2) Based on RDD A series of transformations , Lost data will be recalculated , because RDD Each of them Partition Is relatively independent , So just calculate the missing part .
3)Spark It'll automatically do some Shuffle The intermediate data of the operation is persisted ( such as :reduceByKey). When a node Shuffle Failure can avoid recalculating the entire input .
4) In practical use , If you want to reuse data , Recommend calling persist or cache.
def main(args: Array[String]): Unit = {
//TODO Create an environment
val sparkConf = new SparkConf().setMaster("local[*]").setAppName("Persist")
val sc = new SparkContext(sparkConf)
//TODO
val rdd = sc.makeRDD(List("hello world", "hello scala"))
val flatRDD = rdd.flatMap(_.split(" "))
val mapRDD = flatRDD.map((_, 1))
//cache Put data into memory
mapRDD.cache()
//persist Put data on disk
//mapRDD.persist(StorageLevel.DISK_ONLY)
val reduceRDD = mapRDD.reduceByKey(_ + _)

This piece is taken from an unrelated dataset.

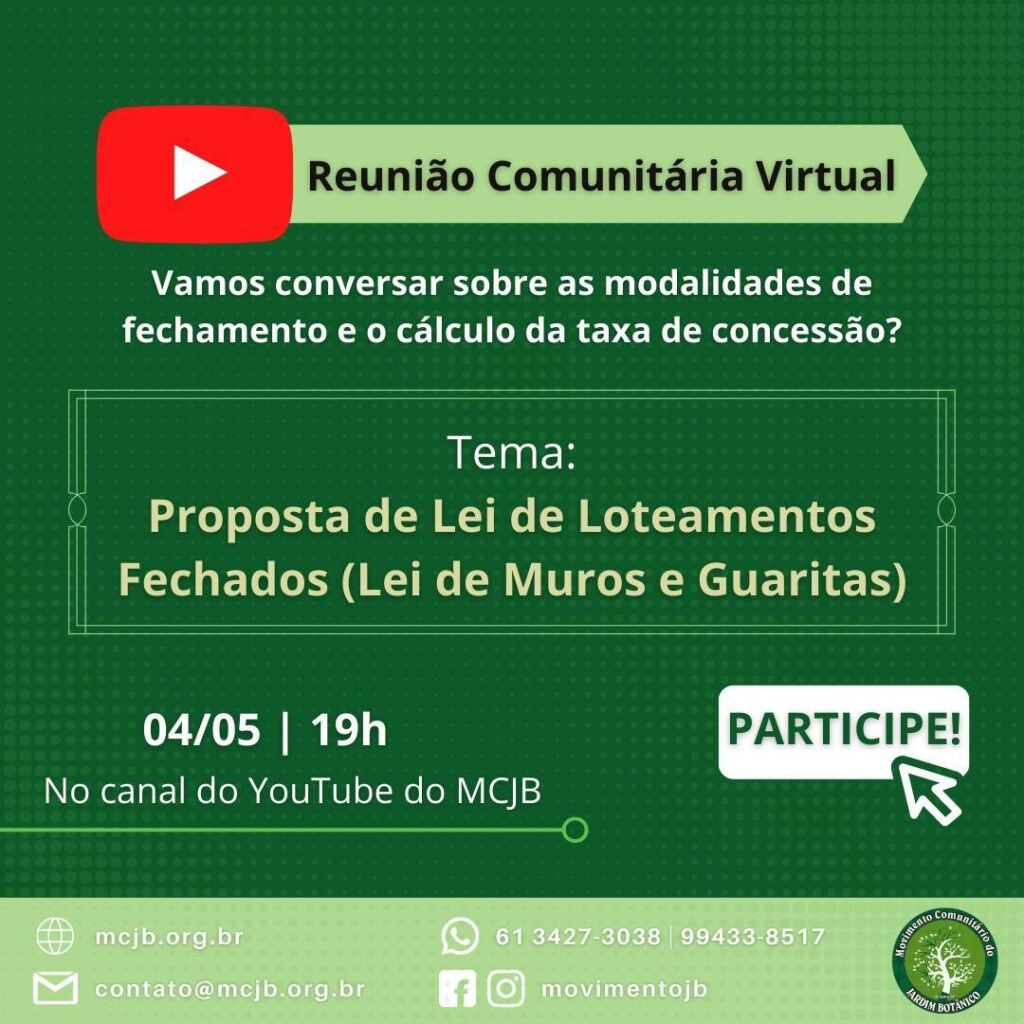 Se aproxima a audiência pública (11/05) sobre o Projeto de Lei Complementar (PLC) dos Muros e Portarias. Com isso, preparamos uma reunião comunitária virtual que será realizada na terça (04/05), às 19h, para debatermos com a comunidade sobre! ![]()

reduceRDD.collect().foreach(println)
println("<<<<<<<<<<<<<")
val groupRDD = mapRDD.groupByKey()
groupRDD.collect().foreach(println)
//TODO Shut down the environment
sc.stop()
}
(2)RDD CheckPoint checkpoint
The so-called checkpoint is to RDD Intermediate results are written to disk , Because blood dependence is too long, the cost of fault tolerance will be too high , Do checkpoint fault tolerance in the intermediate stage , If there is a node problem after the checkpoint , You can redo it from the checkpoint , To reduce overhead .
Yes RDD Conduct checkpoint The operation is not immediately executed , Must be implemented Action Operation can trigger .

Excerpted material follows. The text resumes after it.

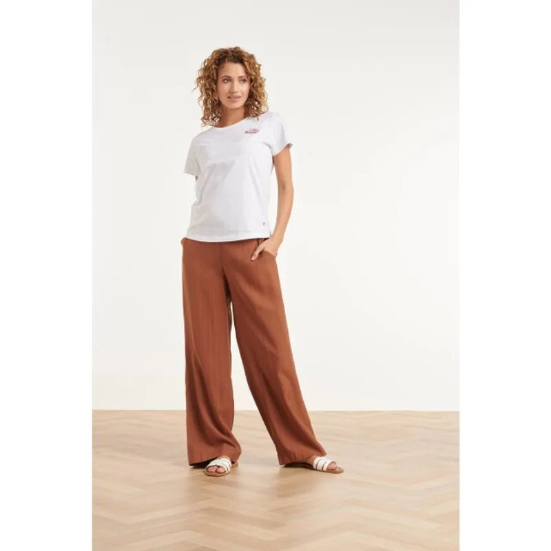 Creëer een krachtig silhouet met deze prachtige wide-leg pantalon van Smashed Lemon. De broek is ontworpen met rechte, wijde pijpen die je benen optisch verlengen en zorgen voor een elegante uitstraling. Smashed Lemon heeft gekozen voor een gladde afwerking bij de tailleband, waardoor de broek perfect aansluit en mooi plat valt onder een top of blouse. De soepele stof beweegt graciel mee terwijl je loopt, wat deze pantalon van Smashed Lemon tot de perfecte mix van comfort en zakelijke chic maakt. Belangrijke kenmerken: Modieus wide-leg model voor een verlengend effect. Gladde tailleband voor een strakke en elegante pasvorm. Vervaardigd van een kwalitatieve stof die prachtig valt.Specificaties : * Stijl: Broeken * Print: Uni * Pasvorm: Losvallend * Lengte: Lang * Model is: 176cm tall and wears size S/36 * Country of origin:: Made in Turkey * Verkrijgbaar in kleuren: Army, Bruin * Lining: No * Fabric composition: %100 Viscose

def main(args: Array[String]): Unit = {
//TODO Create an environment
val sparkConf = new SparkConf().setMaster("local[*]").setAppName("CheckPoint")
val sc = new SparkContext(sparkConf)
//TODO checkpoint
//checkpoint To specify the path to save checkpoints
sc.setCheckpointDir("checkpoint")
val rdd = sc.makeRDD(List("hello world", "hello scala"))
val flatRDD = rdd.flatMap(_.split(" "))
val mapRDD = flatRDD.map((_, 1))
mapRDD.checkpoint()
val reduceRDD = mapRDD.reduceByKey(_ + _)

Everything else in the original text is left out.